Ahora, la otra opción es hacer estudios prospectivos observacionales, o sea, agarrar a una BOCHA ENORME de gente, tomarles muchísimos datos y tratar de ver si ‘uso mucho el celular’ y ‘glioma’ se relacionan de alguna manera. Eso hicieron dos estudios, uno en la población completa de Dinamarca (usando 3.8 milones de muestras), en el que encontraron que el riesgo diferencial de desarrollar un tumor para los usuarios más fuertes de celular era básicamente igual al de los no usuarios. Encima, este resultado fue repetido en otro estudio enorme (con otro millón de personas) en Gran Bretaña. O sea que hacer el experimento distinto nos da un resultado distinto, pero, claramente, la forma de hacerlo es la que está molestando.
El problema es no tener el experimento perfecto. Claramente, la mejor opción es agarrar dos millones de personas, darles celulares a uno, prohibírselos a los otros, y ver qué pasa. Momento de empezar a escribir uno de los subsidios más difíciles de justificar de todos los tiempos. Pero como no podemos, hay que ir por otro lado. La que nos queda sería preguntarnos si existió una era parecida a esta pero sin celulares para que la que podamos comparar. Ahí vienen al rescate décadas de pelos batidos y sacos arremangados, se llaman ‘los ‘80 y los ‘90’, y los datos están.
Esto es lo que intentó otro grupo para tratar de terminar de darle luz al tema.
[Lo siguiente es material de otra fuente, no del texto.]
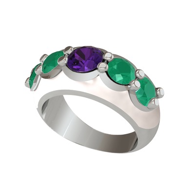 Ametist ve kök zümrüt 18 ayar beyaz altın yüzük (Beyaz mineli)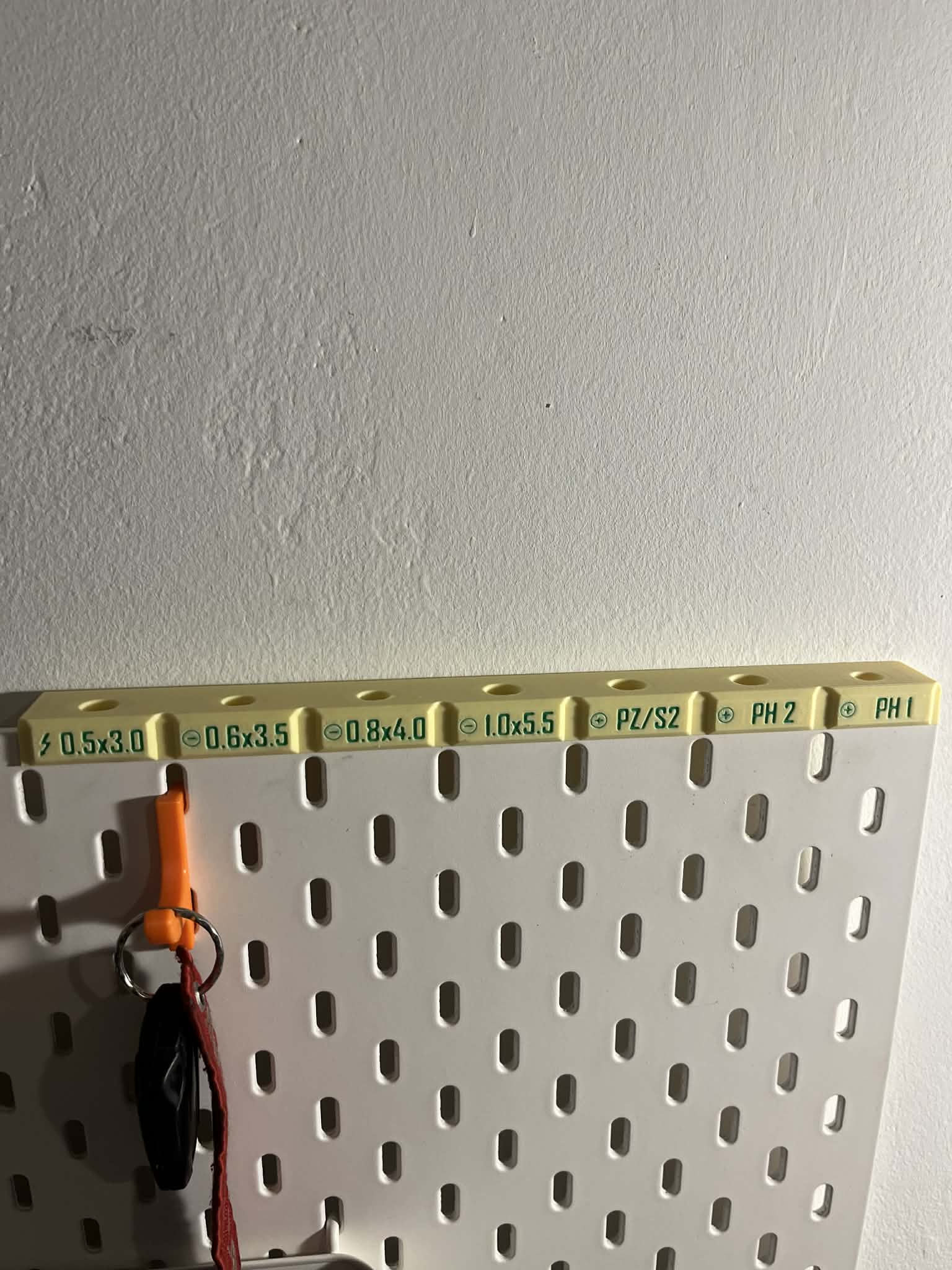 Kệ này vừa với bộ Wera 05006480001 và hỗ trợ lắp ở phía trên một bảng Skadis, lắp ở bất kỳ vị trí nào trên bảng (thông qua phần cứng M4), hoặc lắp lên tường. Bản lắp tường dài hơn 5 mm để lấy dụng cụ dễ hơn. Khoảng cách giữa các tua vít khớp với hàng lỗ trên bảng.

Si los celulares causan glioma, un incremento enorme del uso de celulares debería subir dramáticamente la tasa de glioma por cada 100.000 personas por año en los años en los que la telefonía celular explotó en usuarios.
Cambiar la forma de encarar la pregunta nos acerca al resultado que queríamos. Algo que se parece a un desempate (la verdad no es democrática, pero más evidencia en una dirección, arrima), y el resultado fue que no. Que ni a palos. Que si el estudio que mostraba el incremento catastrófico fuese real, tendríamos que haber visto la cantidad de casos multiplicarse varias veces, y eso no pasó.
¿Quiere decir esto que estamos salvados, que los celulares son inocuos y que deberíamos empezar a armar cunas con Nokias 1100 para proteger nuestro legado genético de cualquier asteroide? No necesariamente, pero sí quiere decir que en una de esas tenemos que dejar de usar gorritos y calzoncillos de aluminio y empezar a preocuparnos por los riesgos ciertos que tenemos alrededor y que podemos medir sin tener que usar estadísticas de millones y millones de casos; que tener el celular encima mientras almorzás una hamburguesa sentado enfrente de la computadora del laburo capaz es el menor de tus problemas.